COVID-19 in Hungary: 269 new cases, 26 fatalities on Thursday

Hungarian authorities confirmed 269 new cases in the past 24 hours, bringing the total since last March to 805,571. The pandemic continues to recede in Hungary and the seven-day rolling average keeps decreasing.

There were more than 18,000 COVID tests applied yesterday, with a 1.4% positivity rate. The figure returned to normal after yesterday’s outstanding high rate, which was ue to the low number of tests. The seven-day rolling average is also decreasing here.


There were 26 coronavirus-related fatalities yesterday, increasing the death toll to 29,818.

There are currently 702 coronavirus patients in hospital, and 78 of them are on ventilator.
The left-hand chart shows the number of people with coronavirus infection in hospital and on ventilator, as well as the 3-day average of these figures. Over the past week, these curves have started to flatten, i.e. the rate of the decline was switching to stagnation. It now seems that the decline continues, though, and both the raw figures and the 3-day averages dropped further. Over the past week, the number of people infected with coronavirus in hospitals dropped by 322 and there are 36 fewer of them on ventilator currently.
The right-hand chart shows the ratio of those in hospital to active cases and those on ventilator to those in hospital. The general observation is that the former figure has been dropping throughout May but there seemed to be stagnation at the end of the month, and the other ratio has been hovering between 11 and 13% last month. The ratio jumped to 11.1% yesterday from 10.4%, and the 3-day average also edged up to 10.8 from 10.6%.

Here are the same figures, only with 7-day averages.

How do the changes change
The calculations in the following charts are based on 7-day averages.
The first chart shows ratios of 7-day averages: [the 7-day average of a given day – 7-day average of the previous day] / 7-day average of the previous day.
What we see is that the number of active cases has been dropping more than the number of those in hospital, i.e. when we see increases in the number of recoveries from coronavirus, it’s mostly because GPs are reporting them. As you can see, the rate of the changes have shrunk over the past few days.

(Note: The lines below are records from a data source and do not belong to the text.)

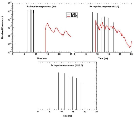 where hLOS(t) and hNLOS(t) are the LOS and non-LOS impulse responses, respectively as defined in references [31,34]. Figure 9 shows the predicted impulse responses for three different Rx’s positions of (0, 0), (2, 2), and (2.5, 2.5).
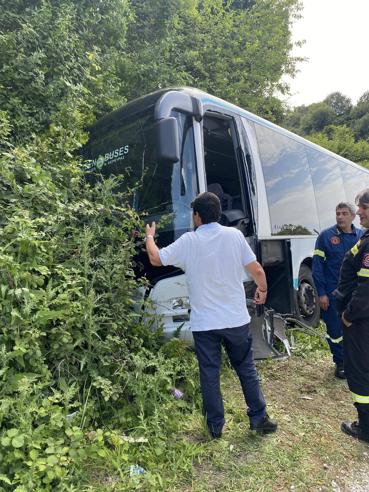 Σημειώνεται ότι οι επιβαίνοντες στο λεωφορείο απεγκλωβίστηκαν με συνδρομή της Πυροσβεστικής. Όπως φαίνεται και στις εικόνες που εξασφάλισε το corfutvnews.gr τοποθετήθηκε σκάλα προκειμένου να κατέβουν με ασφάλεια από το ΚΤΕΛ επιβάτες και τραυματίες.
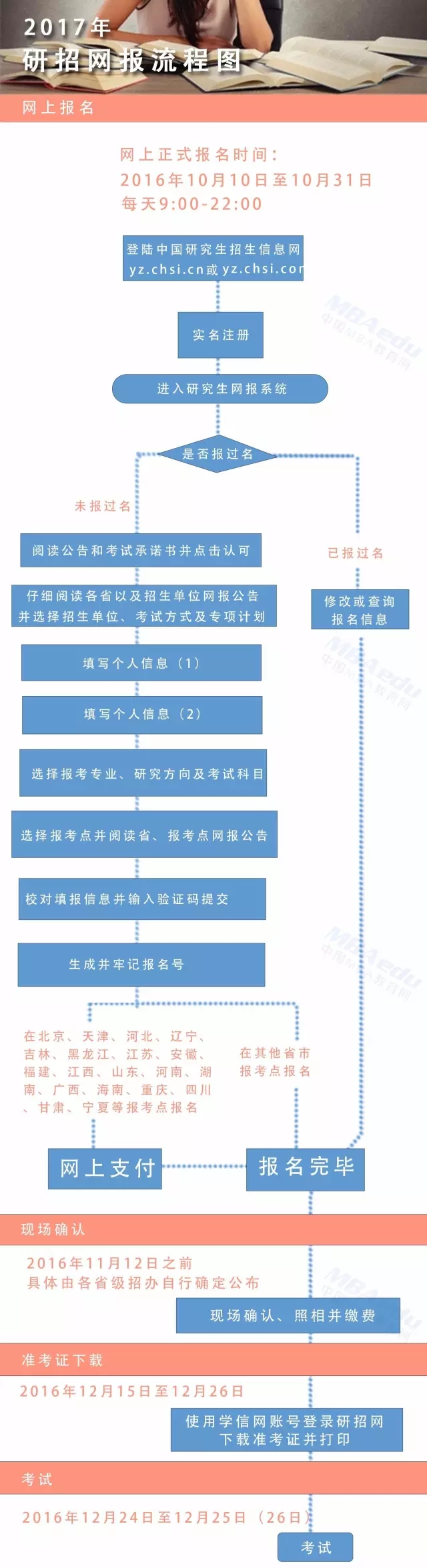 今天是2017年全國(guó)碩士研究生正式報(bào)名的第一天,小編溫馨提醒:抓緊時(shí)間預(yù)報(bào)名,不容忘記!正式報(bào)名(10.10-31)、現(xiàn)場(chǎng)確認(rèn)(由省招辦確定)、打1、選擇報(bào)考點(diǎn)的流程是怎樣的?
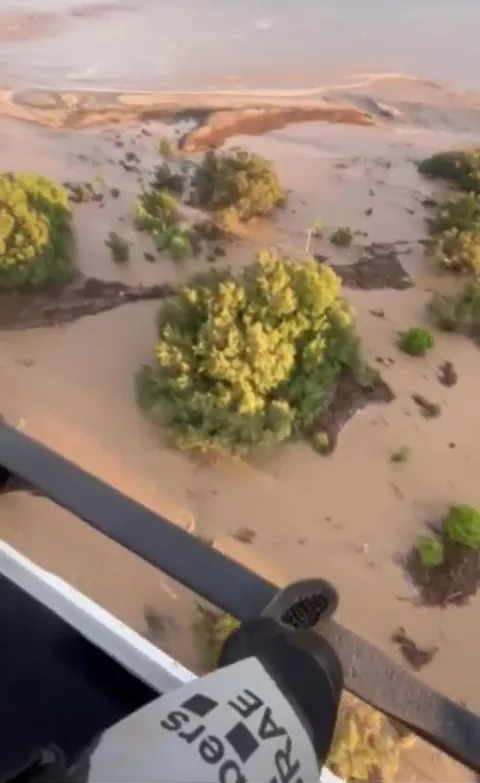Las imágenes muestran a los rescatistas en un helicóptero buscando a las personas desaparecidas sobre el río.
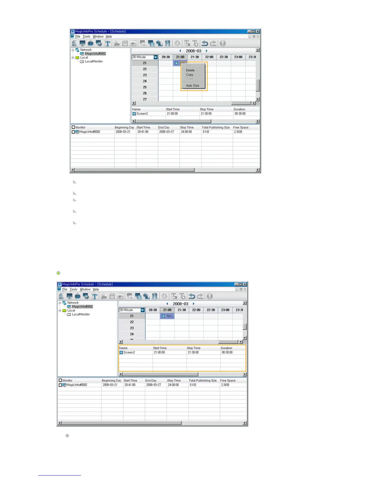 Add: Adds the screen you wish to schedule after selecting a monitor and time by clicking in the
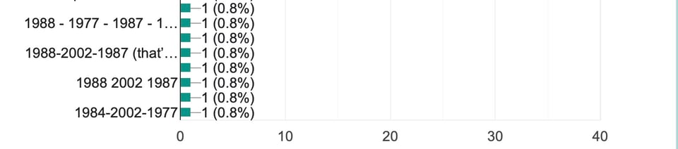 (This chart is pretty much impossible to glean exact results from because Google Forms is kind of mostly terrible, but I clarify the data below. Your eyes are not deceiving you — every other line is unlabeled. At Google Forms, UI design is our passion.)

The following chart, shows the ratios of the changes (curves) you see above. The blue line: orange/green, i.e. change in the number of hospitalised COVID-19 patients per change in active cases (with 7-day averages). Red line: blue/orange (on ventilator, 7-day average) / in hospital (7-day average). Wherever the ratios are over 100% (everywhere), the numerator is larger than the denominator, i.e. the rate at which they discharge Covid patients from hospitals (including those that are reported recovered by GPs) is higher than the rate at which the number of active cases is dropping. This means that an ever smaller percentage of active cases are in hospital.


So far 53.6% of Hungary’s population, or 5,238,903 people, have received at least one dose of a vaccine, and 39%, or 3,814194, have got both shots. The numbers rose by 11,000 and 81,942 yesterday, respectively. Currently available vaccines include Pfizer, Sinopharm and limited amounts of Sputnik, with Janssen and Moderna vaccines also available in some vaccination centres.